Schienenbauer hoffen auf neue Großprojekte

In den letzten Jahren floss nur wenig Geld in Polens Schienennetz. Immerhin stehen für 2024 einige große Ausschreibungen an. Die Finanzierung vieler Projekte wackelt aber.

Von Christopher Fuß | Warschau

Polens größter staatliche Betreiber von Eisenbahninfrastruktur PKP PLK will 2024 eine Reihe von Projekten ausschreiben. Der Gesamtwert aller Vorhaben soll bei fast 4,7 Milliarden Euro liegen. Das berichtet die Tageszeitung Dziennik Gazeta Prawna. Bei den meisten Vorhaben wird es darum gehen, die Kapazität bestehender Strecken zu erweitern.

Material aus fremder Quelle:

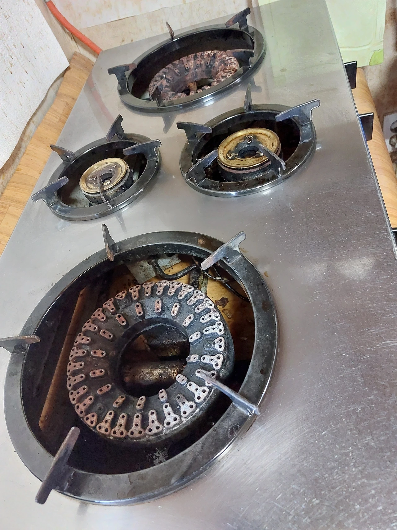 가전과 살림살이는 큰 것이 실용적일 것 같아서큰언니가 25년 전에 거금 20만 원을 주고 선물해 준 것이다. 촌 살림이라 손님들이 많이 오면 돼야지 고기 듬섬등섬 잘라 넣고 김치찌개도 한 냄비 끓여야 하고, 백숙도 삶고 계란찜도 하고, 생선도 튀겨야 할 것 같아서 4구짜리를 구입했다. 1 구는 그을음이 생겨 사용하지 못하는 반면 나머지 3구는 잘 사용하고 있다. 새로 구입하려 하니 60만 원가량 된다. 아마 120세 까지는 거뜬하게 쓰지 않을까 싶다. 내가 그때까지 살아있다면 말이다.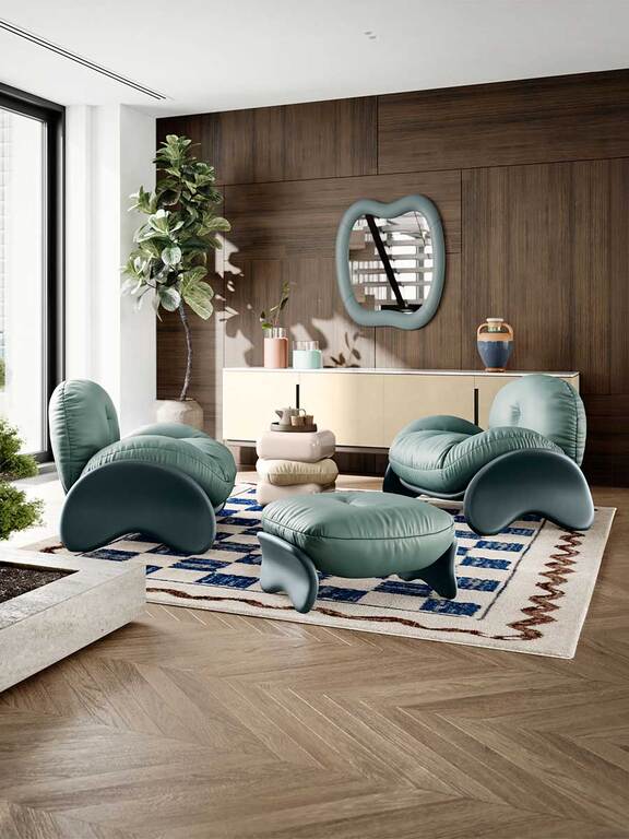 Дизайнер рекомендует использовать для кресла Squash цветовые комбинации в кремовых, шалфейных, синих и коричневых тонах.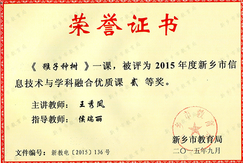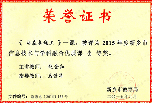 在2015年度新乡市信息技术与学科融合优质课评比中,我校教师赵金红执教的《站在长城上》获一等奖,王秀凤执教的《猴子种树》获二等奖。

Modernisierungsarbeiten stehen beispielsweise im Nordosten Polens an, entlang der 100 Kilometer langen Strecke zwischen den Städten Białystok und Ełk. Geht es nach PKP PLK, werden Züge hier in Zukunft eine Geschwindigkeit von bis zu 200 Kilometern pro Stunde erreichen. Der Abschnitt gehört zur sogenannten Rail Baltica. Die Megainvestition umfasst den Bau einer neuen Bahnstrecke durch die drei Länder des Baltikums und den Anschluss an das Schienennetz in Polen. Fahrgäste aus dem Baltikum können über die Verbindung zwischen Białystok und Ełk weiter nach Warschau fahren.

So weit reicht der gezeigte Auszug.